Autism Spectrum Disorder Liability Is Modulated Along a Gender Continuum from the Female to Male Neuroanatomical Brain Phenotype
Objectives: Here, we aimed to (1) identify neuroanatomical patterns that are characteristic of the male and female brain phenotype, and (2) test the hypothesis that having a male or female brain phenotype represents a risk or protective factor for ASD, respectively.

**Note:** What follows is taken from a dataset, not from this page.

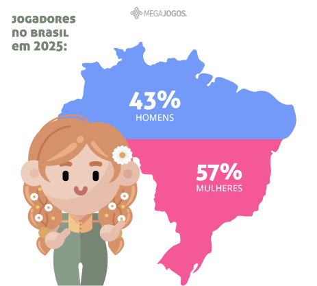 De acordo com relatório de 2025 da ESA (Entertainment Software Association), no Brasil, as mulheres representam mais da metade dos jogadores, com 57% contra 43% do público masculino.
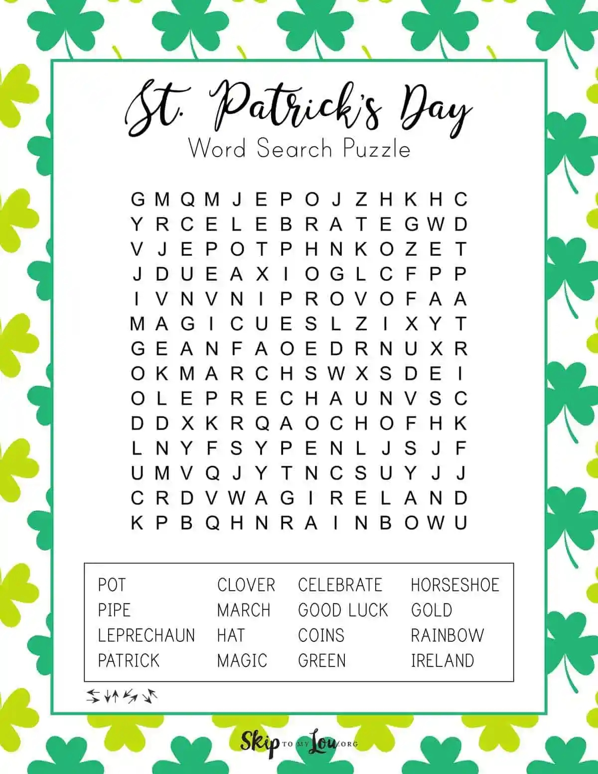 St Patrick s Day Word Search Skip To My Lou

Methods: 98 right-handed adults with ASD (49 males, 49 females) and 98 matched neurotypical controls (51 males, 47 females) aged 18-42 years were recruited and assessed at the IoPPN, London, and the ARC, Cambridge. A Gaussian Process classifier (GPC) (Rassmussen 2006, Marquand 2010) was initially trained to make probabilistic predictions for each control participant based on binary classes of biological sex using eight surfaced based measures of cortical neuroanatomy (cortical thickness, grey & white matter surface areas, cortical volume, grey:white matter signal intensity ratio, curvature, sulcal depth, and metric distortion). This approach allowed us to derive a probabilistic prediction for each individual based on the binary categories dictated by biological sex, and to represent each brain along a gender continuum with individuals being most confidently classified representing the prototypical male or female brain phenotype. The performance accuracy of each model was estimated using leave-one-out cross validation and tested for significance via permutation of class labels (n=1000). Subsequently, we applied each predictive model to the males and females with ASD in order to estimate probabilistic predictions for individuals with ASD along a gender continuum. ASD liability for each model as a function of neuroanatomical gender phenotype was estimated as the ratio of males (females) with ASD to the total number of males (females) in eight bins along the axis of predictive probabilities of gender.
Results: Across all eight vertex based cortical features, GPC was able to separate male from female controls at accuracies ranging from 68% for metric distortion to 84% for G:W intensity ratio (p<=.001). When predicting individuals with ASD we found that female ASD cases were allocated more frequently to the male category across all eight models (as opposed to the female category), significantly above chance level (p-values ranging from <.001-<.002). When examining the proportion of ASD cases as a function of predictive probability for the male phenotype, we found that increased probabilities for the male brain phenotype were associated with an increased prevalence ratio for ASD within our sample.
Conclusions: Our results support the hypothesis that having a male brain phenotype constitutes greater risk for the development of ASD regardless of biological sex, hence implying that a female brain phenotype may provide a protective effect for ASD.